Шеврикука, или Любовь к привидению - Орлов Владимир Викторович. Страница 29
Зигфрид, Нибелунги. Клад их. Золото Рейна. Чаша Грааля. Король Артур. «Фу ты! – возроптал Шеврикука. – Зачем мне-то теперь все эти Артуры с их круглыми столами, все эти Зигфриды и Нибелунги и их клады! Что я глаза порчу!» Но он чувствовал, что в нем опять шипит чужой приказ: «Не лезь, Шеврикука! Не суйся!» И снова из упрямства (или вздорной блажи?) Шеврикука тетради и листочки сразу не отодвинул, а продолжал перебирать их и наткнулся на карточки из плотной бумаги, какими пользуются посетители общественных читален для особо ценных выписок и соображений. На одной из них были слова: «Принципы комитета, дружины, свиты. Принципы коммандос, серых волков. И принципы воровской стаи. Они разные? Рыцари и банда. Принципы – близкие. Но часто они – навыворот. Это горько. Горько! Все идеальное может быть навыворот!» На обороте карточки тушью был начертан план какого-то дома и написано: «Малина. 11 проезд Марьиной Рощи. Подпол. Четыре спуска». А Петр Арсеньевич вроде бы служил когда-то в деревянных домах Марьиной Рощи. Ну и что! Ну и служил! Ему-то, Шеврикуке, что за дело! Избавиться следовало от портфеля! Избавиться! И уж ни в коем случае не надо было разгадывать криптограммы, строки крючков и клинописи (рунической, что ли?) и даже запоминать их. Шеврикука суетливо, дерганно принялся запихивать бумаги Петра Арсеньевича в портфель, увидел на обложке одной из них завитки букв: «Собственноручные записки феи Т., в составе мекленбургского посольства посещавшей Московию летом 1673 года. Сокольнический список». Еще и фея Т.! Шеврикука выругался. Только фей ему ныне не хватало! Мекленбургских! Будто опаздывая к самолету, Шеврикука стал швырять в портфель и реликвии Петра Арсеньевича, не вдаваясь в их подробности и не оценивая их, среди прочего чей-то клык, шелковую лиловую ленту (дамы сердца, что ли, марьинорощинского, сокольнического, останкинского рыцаря?), пучок засушенной травки с цветком зверобоем и цветком львиный зев, четыре карты, четыре замусоленных валета (неужели поигрывал? неужели вообще был игрок?). Защелкнул замок. Выбросить портфель? Сжечь? Растворить? «Спрятать у Радлугина!» – вышло постановление. Почему у Радлугина? Почему именно у Радлугина, ведь за его квартирой наблюдают? И хорошо, что наблюдают! Сейчас же к Радлугину, сейчас же поместить портфель там!
15
А Гликерия? Что с Гликерией?
Разузнать о ней Шеврикука решил окольным путем. Что не позволяло ему рисковать и лезть на рожон? Благоразумие или трусость? Скорее всего, ни то ни другое. А что, Шеврикука посчитал полезным не называть словами. На лыжную базу Шеврикука проник тихо и кротко, никому не попадаясь на глаза. Ни с Гликерией, ни с Невзорой-Дуняшей не вступал в общение. Но вызнал: никаких чрезвычайных событий в жизни Гликерии не произошло. И смотрины дома на Покровке не отменили.
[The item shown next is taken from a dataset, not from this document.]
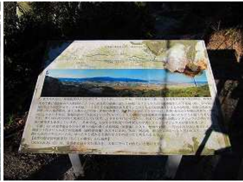
友好門に立つ童男卍女岩の案内板。

В калекопункте дежурным знахарем сидел какой-то свежий хмырь, весь в жабьих бородавках, желанию Шеврикуки продлить больничный лист навстречу не пошел. Бормотал что-то о транжирах, об экономии, о касторовом масле, которого его могут лишить. А от удара палки резинового призрака в видимой натуре Шеврикуки не осталось следов. Шеврикука проворчал: «Ну и ладно. А с этим хмырем мы еще разберемся!»
Спокойствие вернулось к Шеврикуке. Или даже душевное равновесие. А может, он стал неразумно беспечен. Три дня Шеврикука не поднимался в получердачье и не тревожил утомленного тяготами жизни подселенца. Наблюдая как-то проход по двору Радлугина, Шеврикука увидел на груди воодушевленного активиста, на орденском месте пиджака, большой, с блюдце, пластмассовый кругляш: «Клуб любителей солнечного затмения». Через день надпись на значке Радлугина была уже иная: «Участник солнечного затмения». «Какого такого затмения? – озадачился Шеврикука. – Неужели я пропустил его или проспал?» Опять явились недоумения: отчего он пять дней назад тащил портфель Петра Арсеньевича именно в квартиру Радлугиных? Отчего он так разволновался тогда, будто бумаги из портфеля, засушенные травинки или замусоленные валеты были отравлены и могли заразить его черной или даже погибельной болезнью? Стыдно было теперь Шеврикуке. В квартире Радлугиных он нашел портфель целым и нетронутым. Никаких датчиков вблизи него, ничьих отпечатков пальцев на коже портфеля он не обнаружил. Предмет, как был положен, так и лежал в книжном шкафу в пустоте за томами Мопассана. Собраний сочинений Радлугин выкупил много, но ни сам он, ни его добропочтенная супруга рук к книжному шкафу давно не протягивали. К Мопассану же они и вовсе относились с осуждением. Теперь Шеврикука принялся уверять себя, что бросился к Радлугиным неспроста, а с некой, пусть и смутной мыслью о выгоде укрытия именно за Мопассановой спиной. Пусть, пусть наблюдают за квартирой Радлугиных, вдруг и ему выйдет от этого польза. Пусть все эти марьинорощинские или сокольнические малины из прошлого, все эти Нибелунги, Зигфриды с драконами и феями мирно почивают себе в шкафу, а потом – поглядим. Потом бумага и реликвии Петра Арсеньевича вдруг для чего-нибудь и понадобятся. И эта фея Т., посещавшая Московию в составе посольства в 1673 году (кстати, а что происходило в Московии в 1673 году?), и ее собственноручные записки окажутся не бесполезными.
В воскресный день Радлугин остановил во дворе Шеврикуку и сказал скорее утвердительно, нежели вопрошающе:
– Вы ведь в нашем доме живете. Я нередко встречал вас…
– Ну вроде бы… – без всякой охоты вести разговор ответил Шеврикука.
– И мне кажется, что вы в своем секторе активист.
– Говорить об этом не стоит, – будто намекая на нечто важное, но тайное, сказал Шеврикука.
– Я понял. Я так и думал про вас. Я не ошибся! – обрадовался Радлугин. И добавил уже доверительным шепотом: – Вы, конечно, принимали участие в Затмении?
– В каком затмении? – спросил Шеврикука.
– В Солнечном.
– В каком именно солнечном?
– Ах да… – сообразил нечто Радлугин. – В недавнем. В том, что в Мексике было полным, а у нас частичным.
– Видите ли… – начал Шеврикука многозначительно. – Затмения, солнечные, лунные, наводнения, землетрясения, солнцестояния… Мало ли в чем приходилось участвовать…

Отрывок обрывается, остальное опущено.